Карабас изо всех пересылок достойнее других был стать музеем, но, увы, уже не существует: на его месте – завод железобетонных изделий.
Княж-Погостский пересыльный пункт (63є северной широты) составлялся из шалашей, утверждённых на болоте! Каркас из жердей охватывался рваной брезентовой палаткой, не доходящей до земли. Внутри шалаша были двойные нары из жердей же (худо очищенных от сучьев), в проходе – жердевой настил. Через настил днём хлюпала жидкая грязь, ночью она замерзала. В разных местах зоны переходы тоже шли по хлипким качким жёрдочкам, и люди, неуклюжие от слабости, там и сям сваливались в воду и мокредь. В 38-м году в Княж-Погосте кормили всегда одним и тем же: затирухой из крупяной сечки и рыбных костей. Это было удобно, потому что мисок, кружек и ложек не было у пересыльного пункта, а у самих арестантов тем более. Их подгоняли десятками к котлу и клали затируху черпаками в фуражки, в шапки, в полу одежды. А в пересыльном пункте Вогвуздино (в нескольких километрах от Усть-Выми), где сидело одновременно 5 тысяч человек (кто знал Вогвоздино до этой строчки? сколько таких безызвестных пересылок? умножьте-ка их на пять тысяч!) – в Вогвоздино варили жидко, но мисок тоже не было, однако извернулись (чего не осилит наша смекалка!) – баланду выдавали в банных тазах на десять человек сразу, предоставляя им хлебать вперегонки. (Впрочем, и в Котласе так бывало.) Правда, в Вогвоздине дольше года никто не сидел. (По году – бывало, если доходяга и все лагеря от него отказываются.) Фантазия литераторов убога перед туземной бытностью Архипелага.
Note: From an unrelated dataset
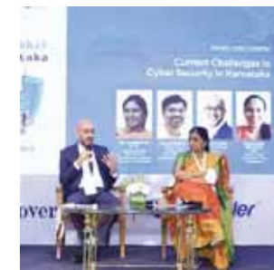
Testing, Network Protocols and Data Flows and Digital Forensics.

As cyber is gaining importance in all spheres and may pose a security threat, the Government has organized a 12-day hybrid exercise ending October 20 to train senior management and technical personnel of Government, critical sector organizations and public and private agencies on contemporary cyber threats and handling cyber incidents and response.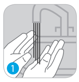
Wash hands with soap and water.

Когда желают написать о тюрьме самое укоризненное, самое очернительское – то упрекают всегда парашей. Параша! – это стало в литературе символом тюрьмы, символом унижения, зловония. О, легкомыслы! Да разве параша – зло для арестанта? Это милосерднейшая затея тюремщиков. Весь-то ужас начинается с того мига, когда параши в камере нет. В 37-м году в некоторых сибирских тюрьмах не было параш, их не хватало! Их не было подготовлено заранее столько, сибирская промышленность не поспела за широтой тюремного захвата. Для новосозданных камер не оказалось парашных бачков на складах. В камерах же старых параши были, но – древние, маленькие, и теперь пришлось их благоразумно вынести, потому что для нового пополнения они стали ничто. Так, если Минусинская тюрьма была издавна выстроена на 500 человек (Владимир Ильич не побывал в ней, он ехал вольно), а теперь в неё поместили 10 тысяч, – то значит, и каждая параша должна была увеличиться в 20 раз! Но она не увеличилась…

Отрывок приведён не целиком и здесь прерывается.